As a general rule, direct traders (such as the main FOREX participants) are either wealthy or acting as agents/brokers for many smaller investors. Or sometimes both.
Stocks can be traded in a number of ways. You can always buy from someone you know, assuming that they wish to sell (and are not prevented from doing so in the case of closely-held corporations). Then there are the over-the-counter networks, where my agent deals with your agent. Major trading in generally done via exchanges, since they provide better mechanisms and regulation of trading and in turn are usually licensed to do so by some government.. In olden days, people would typically have a specific person that they would use as their broker and the broker would often belong to a brokerage house. With the advent of the Internet, impersonal brokerages grew up such as fidelity.com and more recently, robinhood where it's strictly between you and your computers. The advantage of old-time brokerages was that they'd typically publish investment newsletters - although that practice I think has largely been abandoned nowadays. And the broker knew you and could tailor investment advice based on your needs and goals - subject to whatever products their employers were pushing, of course.
You can buy and sell currency at many banks as well as other locations. At one time, two staples at airports (back when you could board a plane and remain fully-clothed) were the carousel where you could pick up travel insurance and the booth where you could exchange currency. I think that both are now history. Travel insurance is often a perk with whatever credit card you paid for your tickets on and who needs hard cash when your credit card - or more recently, your cellphone's NFT app - can do direct transfers?
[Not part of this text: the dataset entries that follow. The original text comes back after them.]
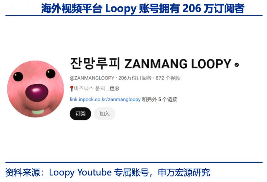 經(jīng)典案例:根據(jù)Loopy Youtube專屬帳號(hào)、申萬(wàn)宏源研究等綜合資訊表明, Loopy 原是 2001 年動(dòng)畫(huà)《小企鵝 Pororo》角色,2022 年通過(guò) ICONIX 在海外視頻平臺(tái)運(yùn)營(yíng)的專屬賬號(hào), 以打工 vlog、直播和綜藝內(nèi)容重塑為虛擬女明星,吸引了 206 萬(wàn)訂閱者,成為現(xiàn)象級(jí) IP。其社恐特質(zhì)引起新入職年輕人共鳴,引發(fā)了二創(chuàng)表情包風(fēng)潮,進(jìn)一步鞏固其頂級(jí) IP 地位。
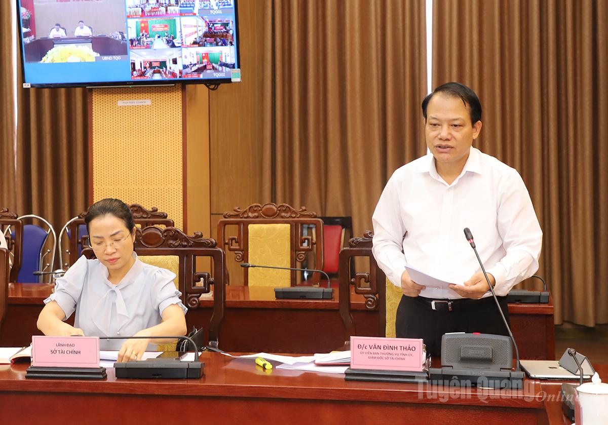 Đồng chí Vân Đình Thảo, Ủy viên Ban Thường vụ Tỉnh ủy, Giám đốc Sở Tài chính báo cáo tình hình thực hiện kế hoạch đầu tư công năm 2025 trên địa bàn tỉnh.
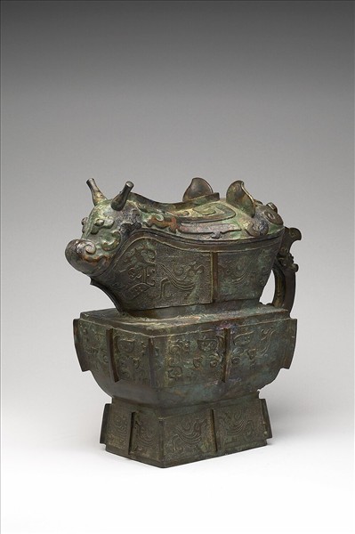 動物形觥,全器為方形,方鼓腹,圈足,獸形把,下有垂珥,有棱脊,腹下方有破損。蓋前後各飾獸首,中央有夔紋。腹飾獸面紋,頸與圈足有鳥紋,以雷紋為地。蓋內有銘文四行。
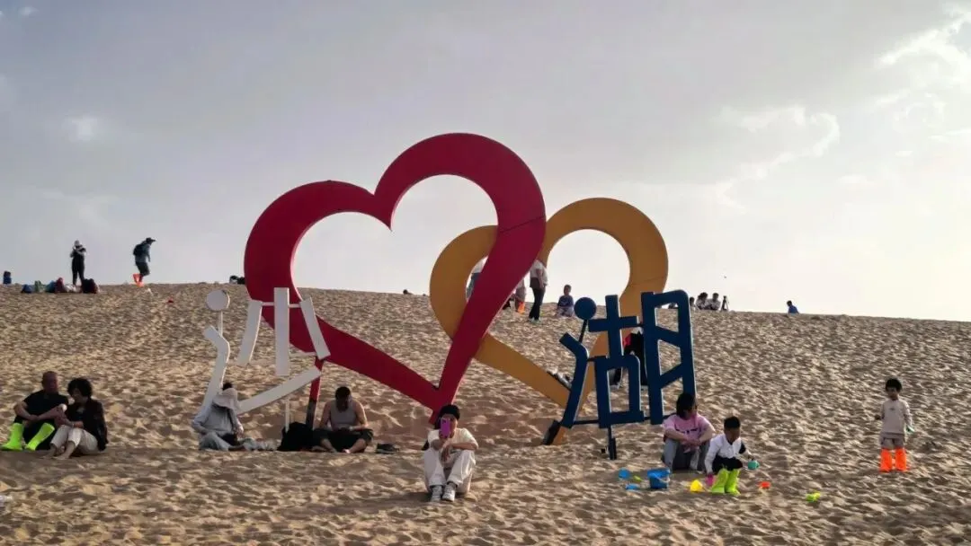 傍晚去“沙水交界”的高点等日落,金线一压下去,整片地都在发光。
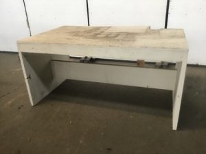 Hand built wooden work table with particle board top. White painted finish.
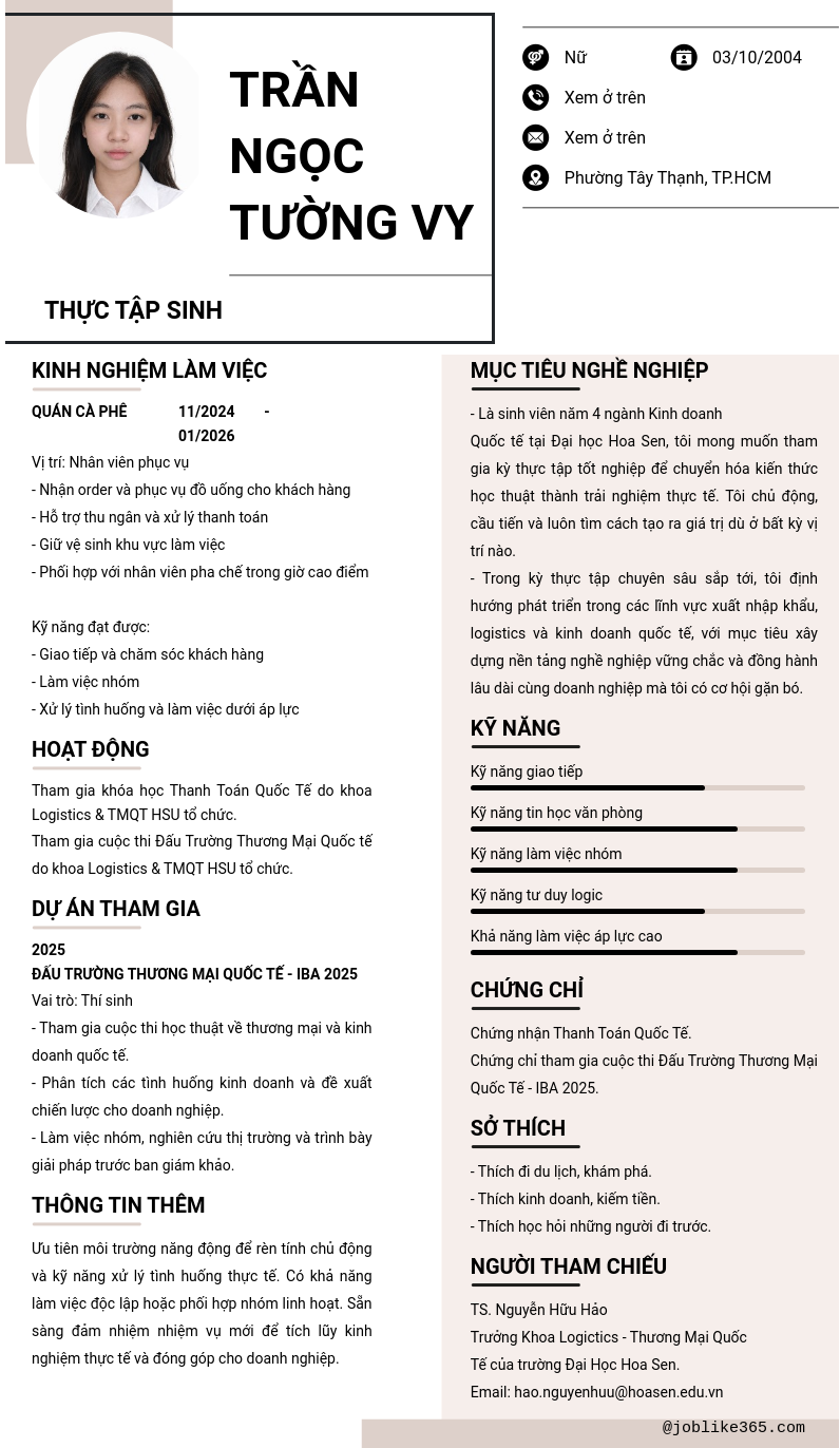 Xem hồ sơ ứng viên TRẦN NGỌC TƯỜNG VY cần 2 điểm. Hồ sơ được cập nhật ngày: 04/03/2026
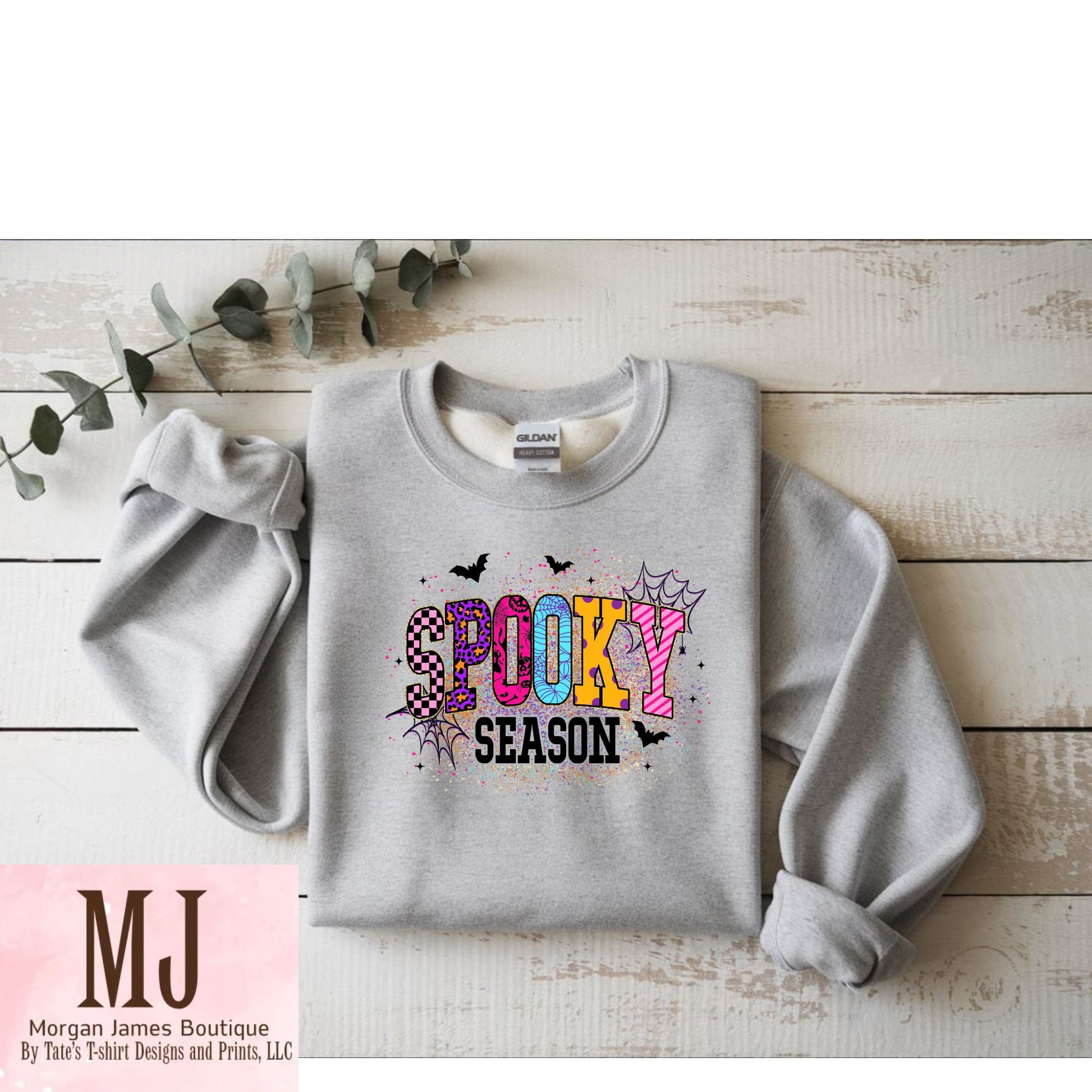 Get cozy and festive this fall with our Spooky Season crewneck! Featuring a playful mix of bright Halloween colors, spider webs, bats, and fun patterns — this sweatshirt is perfect for pumpkin patch days, trick-or-treat nights, or just lounging in spooky style.
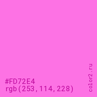 Цвет #FD72E4 в цветовой модели RGB обозначается тремя октетами (253, 114, 228) в десятичном формате и #FD72E4 в шестнадцатиричном (hex) формате, которые являются интенсивностью красного 253 (hex FD), интенсивность зелёного 114 (hex 72) и интенсивность синего 228 (hex E4).
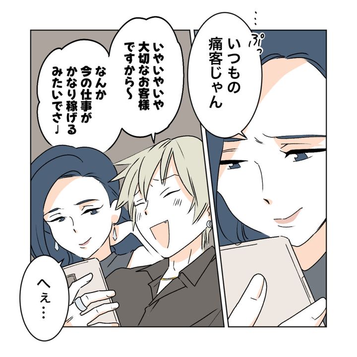 その頃カズハさんは、ルキくんというホストに夢中!「私がナンバー1にしてあげるからね。早くルキの本カノになりたいな~」とウキウキのカズハさんに、「俺も仕事頑張って姫と付き合いたいな」と思わせぶりな言葉を囁くのでした。
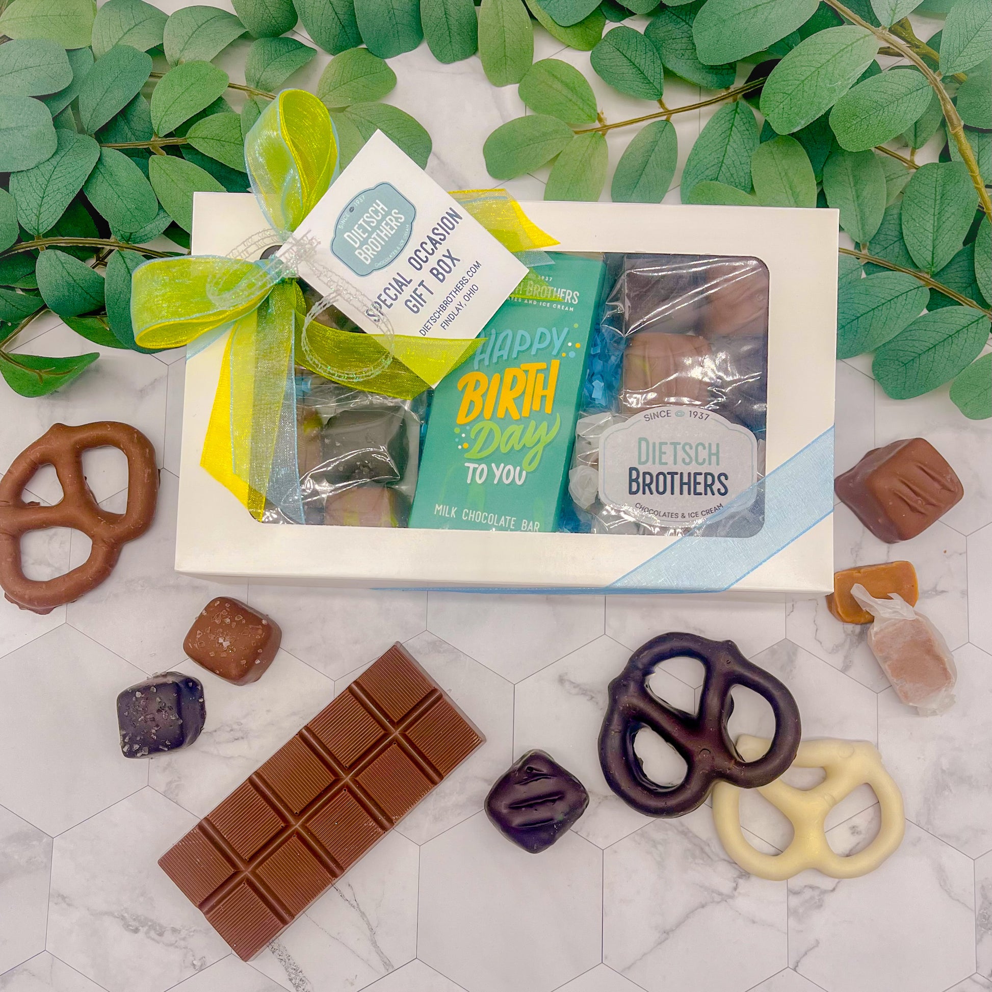 These gift boxes are filled with some of our most popular items and are perfect for any occasion. Each box includes two milk and dark sea salt caramels, two milk and dark peanut butter meltaways, one milk, white and dark pretzel, ten wrapped caramels and a milk chocolate wrapped bar.
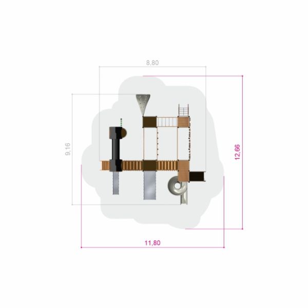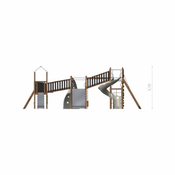 Lekplatsen är anpassad för barn från 3 år och uppåt och erbjuder flera plattformshöjder som ger variation och utmaning för olika åldersgrupper. Den är utformad för att uppfylla höga säkerhetskrav enligt EN 1176-1:2017, vilket innebär att alla komponenter är noggrant testade och anpassade för trygg lek. Den genomtänkta konstruktionen och de halkskyddade ytorna minimerar risken för olyckor, och fallskyddsunderlag rekommenderas för maximal säkerhet.
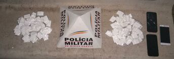 Na abordagem, nada de ilícito foi localizado com os suspeitos no primeiro momento, porém a PM, em contato com a genitora do rapaz, foi informada das denúncias e franqueou a entrada, permitindo a busca na residência, a qual foi localizado, num invólucro plástico preto, 126 porções de cocaína.
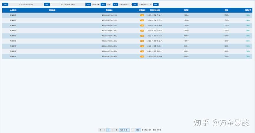 所有告警事件支持事件记录,记录信息至少包含:事件对象(仪表或网关点位)、事件类型、告警参数动作值、告警时间、告警等级等。所有告警事件可查询,支持多条件组合(时间段、关键字、等级、类别等)过滤查询,方便进行事件记录的快速查找和对比分析。
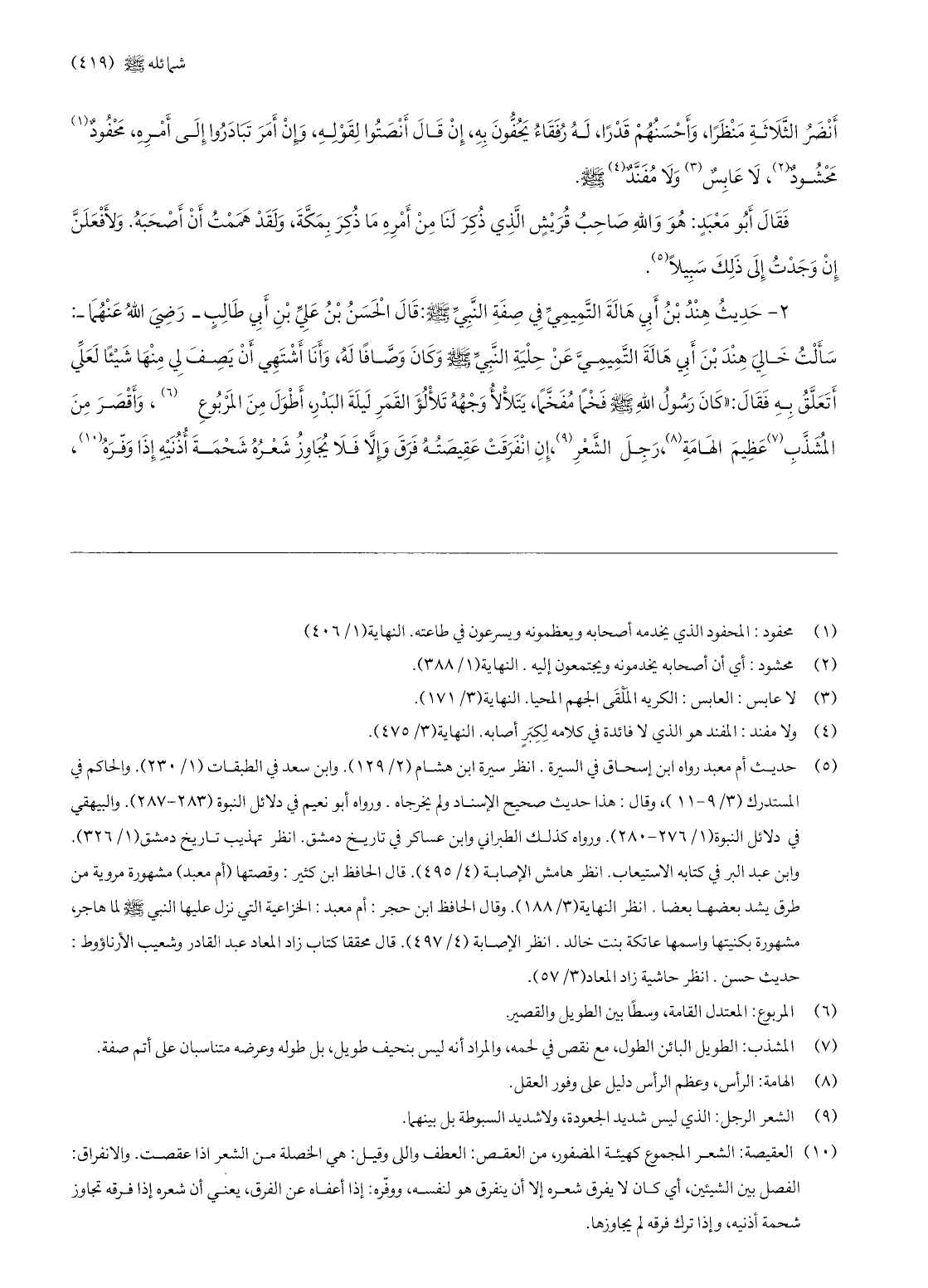2- حديث هند بن أبي هالة التّميميّ في صفة النّبيّ صلّى الله عليه وسلّم: قال الحسن بن عليّ بن أبي طالب- رضي الله عنهما-:
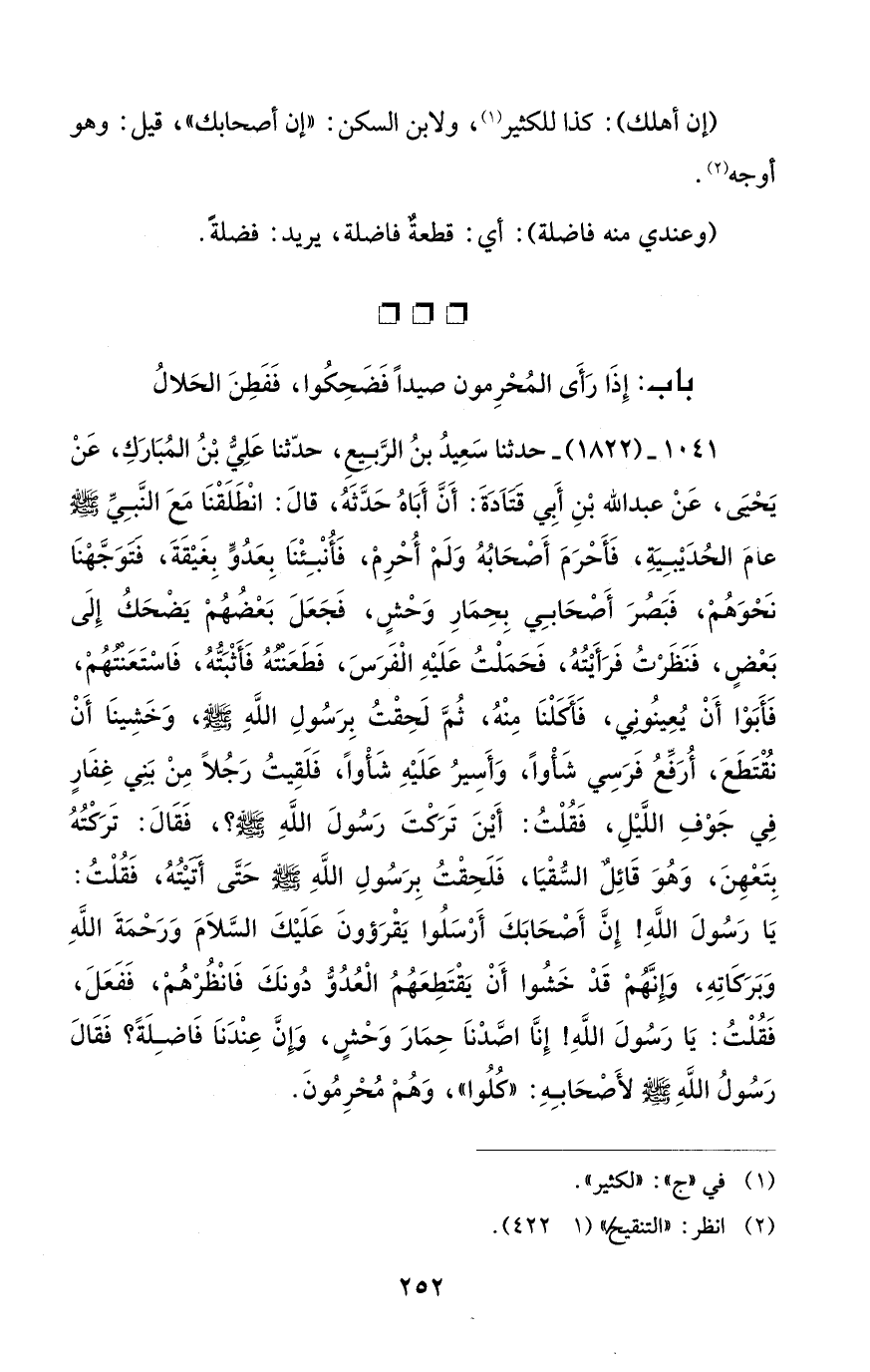 1041 - (1822) - حدثنا سَعِيدُ بنُ الرَّبِيعِ، حدّثنا عَلِيُّ بْنُ المُبَارَكِ، عَنْ يَحْيَى، عَنْ عبد الله بْنِ أَبِي قَتَاَدَةَ: أَنَّ أَبَاهُ حَدَّثَهُ، قالَ: انْطَلَقْنَا مَعَ النَّبِيِّ - صلى الله عليه وسلم - عامَ الحُدَيْبِيَةِ، فَأَحْرَمَ أَصْحَابُهُ وَلَمْ أُحْرِمْ، فَأُنْبِئْنَا بِعَدُوٍّ بِغَيْقَةَ، فتوَجَّهْنَا نَحْوَهُمْ، فَبَصُرَ أَصْحَابِي بِحِمَارِ وَحْشٍ، فَجَعَلَ بَعْضُهُمْ يَضْحَكُ إِلَى بَعْضٍ، فَنَظَرْتُ فَرَأَيْتُهُ، فَحَمَلْتُ عَلَيْهِ الْفَرَسَ، فَطَعَنْتُهُ فَأَثْبَتُّهُ، فَاسْتَعَنْتُهُمْ، فَأَبَوْا أَنْ يُعِينُونَي، فَأَكَلْنَا مِنْهُ، ثُمَّ لَحِقْتُ بِرَسُولِ اللهِ - صلى الله عليه وسلم -، وَخَشِينَا أَنْ نُقْتَطَعَ، أُرَفِّعُ فَرَسِي شَأْواً، وَأَسِيرُ عَلَيْهِ شَأْواً، فَلَقِيتُ رَجُلاً مِنْ بَنِي غِفَارٍ فِي جَوْفِ اللَّيْلِ، فَقُلْتُ: أَيْنَ تَرَكْتَ رَسُولَ اللهِ - صلى الله عليه وسلم -؟، فَقَالَ: تَرَكْتُهُ بِتَعْهِنَ، وَهُوَ قَائِلٌ السُّقْيَا، فَلَحِقْتُ بِرَسُولِ اللهِ - صلى الله عليه وسلم - حَتَّى أَتَيْتُهُ، فَقُلْتُ: يَا رَسُولَ اللهِ! إِنَّ أَصْحَابَكَ أَرْسَلُوا يَقْرَؤونَ عَلَيْكَ السَّلاَمَ وَرَحْمَةَ اللهِ وَبَرَكَاتِهِ، وَإِنَّهُمْ قَدْ خَشُوا أَنْ يَقْتَطِعَهُمُ الْعُدُوُّ دُونَكَ فَانْظُرْهُمْ، فَفَعَلَ، فَقُلْتُ: يَا رَسُولَ اللهِ! إِنَّا اصَّدْنَا حِمَارَ وَحْشٍ، وَإِنَّ عِنْدَنَا فَاضِلَةً؟ فَقَالَ رَسُولُ اللهِ - صلى الله عليه وسلم - لأَصْحَابِهِ: "كُلُوا"، وَهُمْ مُحْرِمُونَ.
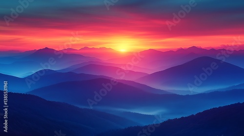 Vibrant sunset over colorful mountain peaks landscape high resolution hd image

But those are generally pretty petty transactions. FOREX is an OTC system. One of its primary uses is to aid in international transaction systems such as SWIFT. Used as a vehicle for currency speculation, though, you'd generally want to be dealing with very large amounts of money. Currencies, after all, are at the very heart of the financial systems of nations, and those nations are much happier when their exchange rates are relatively stable, so it takes a lot of money on the fat end of the lever to make much money from the swings in the system.
And. of course, as with any fungible commodity, if there's a market, you can expect to find a futures market as well. But that's another story.
I won't say that individuals should avoid currency trading. But I would recommend talking to a local investment expert. Who would probably advise making it a part of a larger investment plan at best.